If there are 5 characters per word, we have 25+4=29 characters, where 4 are spaces, in the pass phrase. How much entropy that pass phrase contains depends on whose estimates you use. Using Shannon’s estimates of 2.3 bits per letter in an 8-letter word nets a total entropy of 29*2.3=66.7 bits. The 66.7 bits calculation is probably a reasonable upper bound on the entropy of a pass phrase, and it compares favorably with a 9-character password with only 45 bits of entropy. For a lower bound, we can use Bruce Schneier’s estimate of 1.3 bits per letter, based on a study by Thomas Cover (B. Schneier, “Applied Cryptography, 2nd Edition,” Wiley, 1996). Shannon advanced 1.3 bits per letter for 16-letter words, though, so it is probably not entirely applicable to our 5-character words. In any case, using 1.3 as the entropy estimate computes to 29*1.3= 37.7, which is actually worse than the 9-character password. Based on that number, you would need a 6-word pass phrase to attain roughly the same entropy as a 9-character password.

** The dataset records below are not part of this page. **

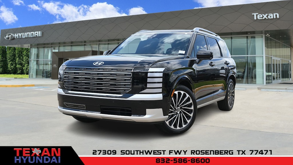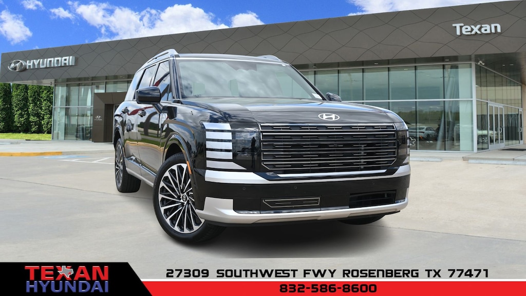 Certified. Black 2026 Hyundai Palisade Calligraphy FWD 8-Speed Automatic V6 CARFAX One-Owner. 14 Speakers, 3rd row seats: split-bench, 4-Wheel Disc Brakes, ABS brakes, Air Conditioning, Alloy wheels, AM/FM radio: SiriusXM, Apple CarPlay & Android Auto, Audio memory, Auto High-beam Headlights, Auto-dimming door mirrors, Auto-dimming Rear-View mirror, Auto-leveling suspension, Automatic temperature control, Brake assist, Bumpers: body-color, Cargo Cover, Cargo Net, Cargo Tray, Carpeted Floor Mats, Compass, Delay-off headlights, Driver door bin, Driver vanity mirror, Dual front impact airbags, Dual front side impact airbags, Electronic Stability Control, Emergency communication system: None, Exterior Parking Camera Rear, First Aid Kit, Four wheel independent suspension, Front anti-roll bar, Front Bucket Seats, Front Center Armrest, Front dual zone A/C, Front reading lights, Fully automatic headlights, Garage door transmitter: HomeLink, Genuine wood console insert, Genuine wood dashboard insert, Heads-Up Display, Heated and Ventilated Front Bucket Seats, Heated door mirrors, Heated front seats, Heated rear seats, Heated steering wheel, HVAC memory, Illuminated entry, Knee airbag, Leather steering wheel, Low tire pressure warning, Memory seat, Navigation System, Occupant sensing airbag, Option Group 01, Outside temperature display, Overhead airbag, Overhead console, Panic alarm, Passenger door bin, Passenger vanity mirror, Power door mirrors, Power driver seat, Power Liftgate, Power moonroof, Power passenger seat, Power steering, Power windows, Premium Nappa Leather Seat Trim, Radio data system, Radio: Infotainment Navigation System, Rain sensing wipers, Rear air conditioning, Rear anti-roll bar, Rear audio controls, Rear reading lights, Rear side impact airbag, Rear window defroster, Rear window wiper, Reclining 3rd row seat, Remote keyless entry, Security system, Speed control, Split folding rear seat, Spoiler, Steering wheel mounted audio controls, Tachometer, Telescoping steering wheel, Tilt steering wheel, Traction control, Trip computer, Turn signal indicator mirrors, Variably intermittent wipers, Ventilated front seats, Ventilated rear seats, Wheels: 21" x 8.5J Alloy.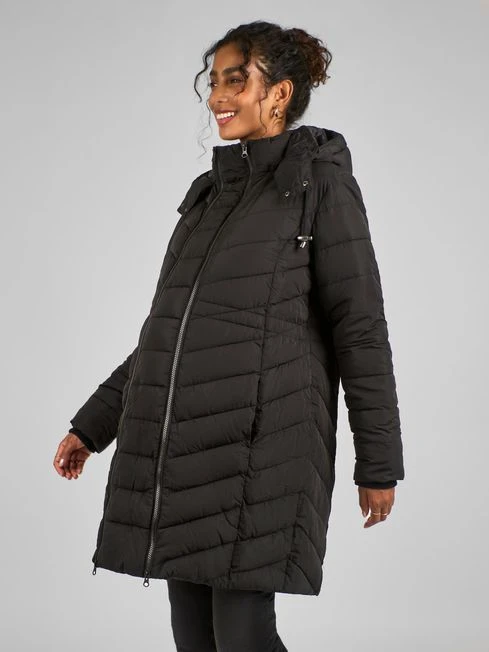 Make your budget go further with our genius black two-in-one maternity puffer coat which has been designed to be used throughout your entire pregnancy, and after the birth too. The centre panel can be inserted or removed to adjust to your changing shape, and it has a comfortable hood attached to help you stay warm and dry. Beautifully padded with a supersoft feel, it’s guaranteed to keep you cosy. Designed to fit during and after pregnancy. Removable front panel. Showerproof. Zip opening. Padded for extra warmth. Detachable hood.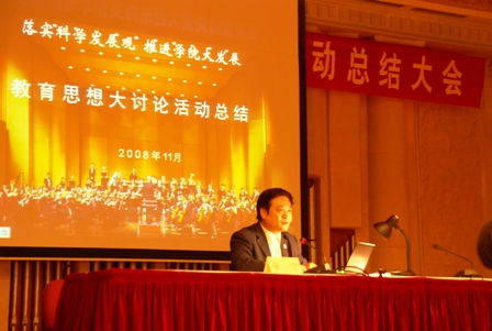 赵院长在会上宣读了《关于“教育思想大讨论”活动优秀组织单位和论文获奖个人的表彰决定》,随后院领导为获奖单位和个人颁发了证书和奖品。安书记在会上代表院党委作了总结讲话。
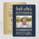 Olha quem está se aposentando! Convide colegas, colegas de trabalho, familiares e amigos para uma celebração especial de aposentadoria com convites de festas de fotos elegantes e personalizados. O quadro e toda a redação desta modelo são simples de personalizar. (DICA DE IMAGEM: Uma maneira fácil de posicionar uma foto exatamente como você deseja é recortá-la antes de carregá-la no site do Zazzle.) O marinho azul e ouro moderno apresenta uma foto do aposentado, um fundo azul escuro ombre, folha de ouro falso, caligrafia por na moda e tipografia clássica da arte de vintage. Observe que o ouro é impresso a cor, não a folha metálica. A design neutra do ponto de vista do gênero também é adequada para um homem ou para uma mulher. Saúde, Parabéns e boa aposentadoria!

I'm really glad Jesper has taken the initiative to dive into the math and science behind our language and calculating entropy and this was in fact a popular point made in many of the replies to my blog - people wanted me to address this but I knew Jesper was working on it so I of course deferred to him . . . Jesper makes the assumption of 5 characters per word and a space between each word - but what about punctuation?  I believe Jesper is assuming that a pass-phrase will be composed of just 5 random words strung together with spaces (i.e. the user has substituted characters as the 'token' in their passwords with random words so instead of using random letters / numbers / symobls you're using random words).

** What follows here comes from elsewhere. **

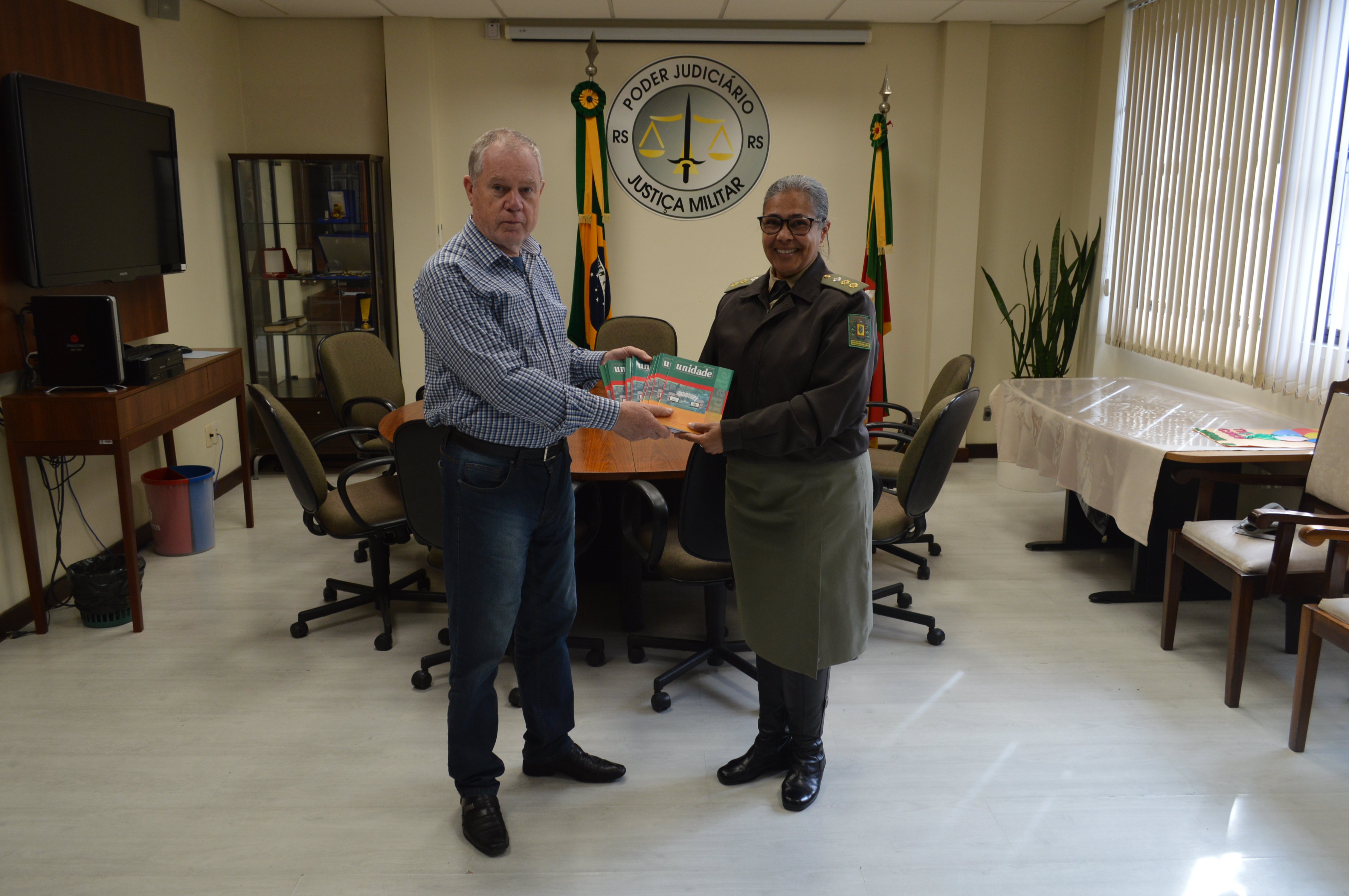 Na tarde dessa quinta-feira (22 de agosto), a Justiça Militar do Estado do Rio Grande do Sul recebeu das mãos da Ten. Cel. Najara Santos da Silva dez exemplares da revista UNIDADE, edição 79.

In my first blog on passwords, I was talking about pass-phrases (passwords composed of words) but I really wanted people to start using full sentences with proper punctuation and everything as their passwords.

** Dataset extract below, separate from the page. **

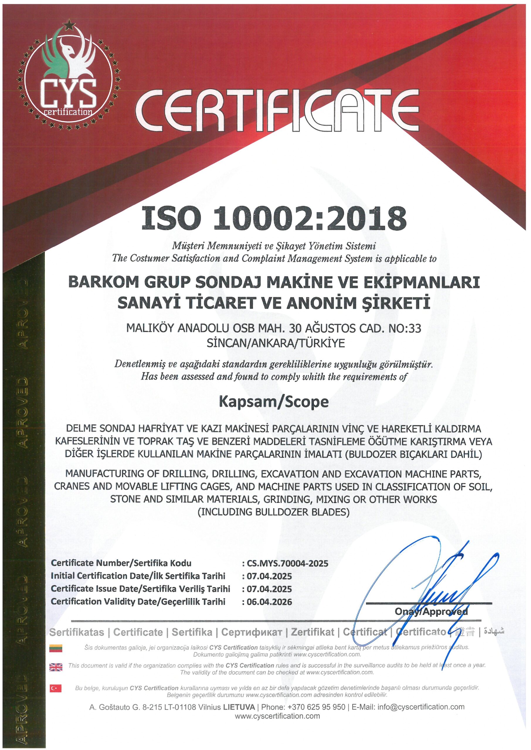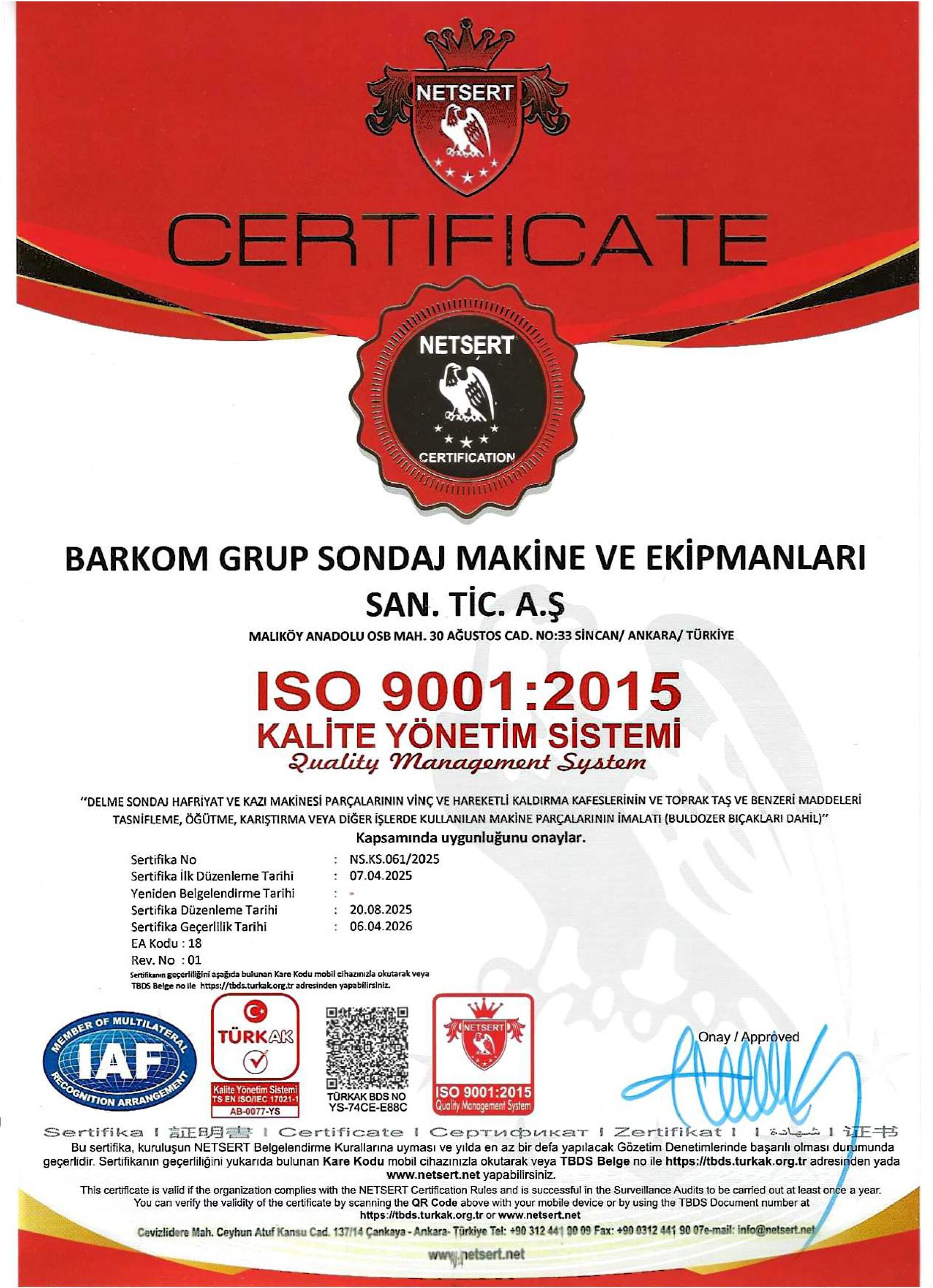 Sertifikalarımız

It would be interesting to see some math behind using proper sentences as your pass-phrases (which is what I personally do as much as possible).  How many words are in the average proper sentence and would a user be more likely to remember a longer sentence over a shorter 'random word' pass-phrase composed of 5 random words?  I believe that a user is more likely to remember "I took my dog to the vet and he's got fleas!" vs. "cow moon cars women security" (wow, that should give you some great insight into how my brain works! <G>) and in addition to the former being longer (and thus containing more entropy) than the latter, it's easier to remember and thus more usable to boot!

Don't forget, sentences usually end with an extra character (like a period, question mark or exclamation point) so that adds one extra character that must be accounted for when doing calculations on the entropy of a passphrase (and what if the sentence is a quote and the user surrounds the qoute with "double quote" characters?).  Looking back at some of my recent pass-phrases that are sentences, I have a couple that are composed of way more than 5 words (i.e. "If we weren't all crazy, we would go insane!") but I have also have some that are shorter than 5 . . .

Jesper does point out in his article that sentences may be weaker than pass-phrases composed of random words due to assumptions that can be made about word grouping and the English language (ever watch Wheel of Fortune?  If so you're probably good at this).  In addition he also points out that if the world moves to pass-phrases then cracking tools will merely adapt to this new paradigm by incorporating words instead of characters as the symbols to try in cracking . . .

I say bring it on . . . I know how to make pass-phrases, based on sentences that are both extremely long AND easy to remember that make the computational power needed to crack (using lookup tables) mind boggling and un-attainable.  "If we weren't all crazy, we would go insane!" contains 44 characters with spaces, is easy to remember and easy to type for a touch typist like myself and it contains anywhere from 44*1.3=57.2 bits of entropy (on the low end) to 44*2.3=101.2 bits of entropy perhaps on the mid to high end and either way this compares very favorably to a completely random mess of 9 characters with 5 bits of entropy per character (45bits total).

Finally - there have been some posts to certain, ahem, "security lists" calling into question the strength of Windows password hashes (of *any* length) - no doubt the work of some of those 'chainsaw conultants' that I referred to in my original post with all of the standard misconceptions about how Windows stores password hashes.  Let me set the record straight.  The NT password hash, is a straight MD4 of whatever the user types in when they are asked for their password.  Microsoft did not invent the MD4 algorithm (I believe a Mr. Ron Rivest did, the 'R' in RSA) and I am not aware of any weaknesses in our implementation of the MD4 algorithm that would make it weaker than others.  The problems involving the LM hash do not apply in any way to the NT hash and they should not be confused with each other in discussions about password hashes, they are two completely different hashes using two completely different algorithms. 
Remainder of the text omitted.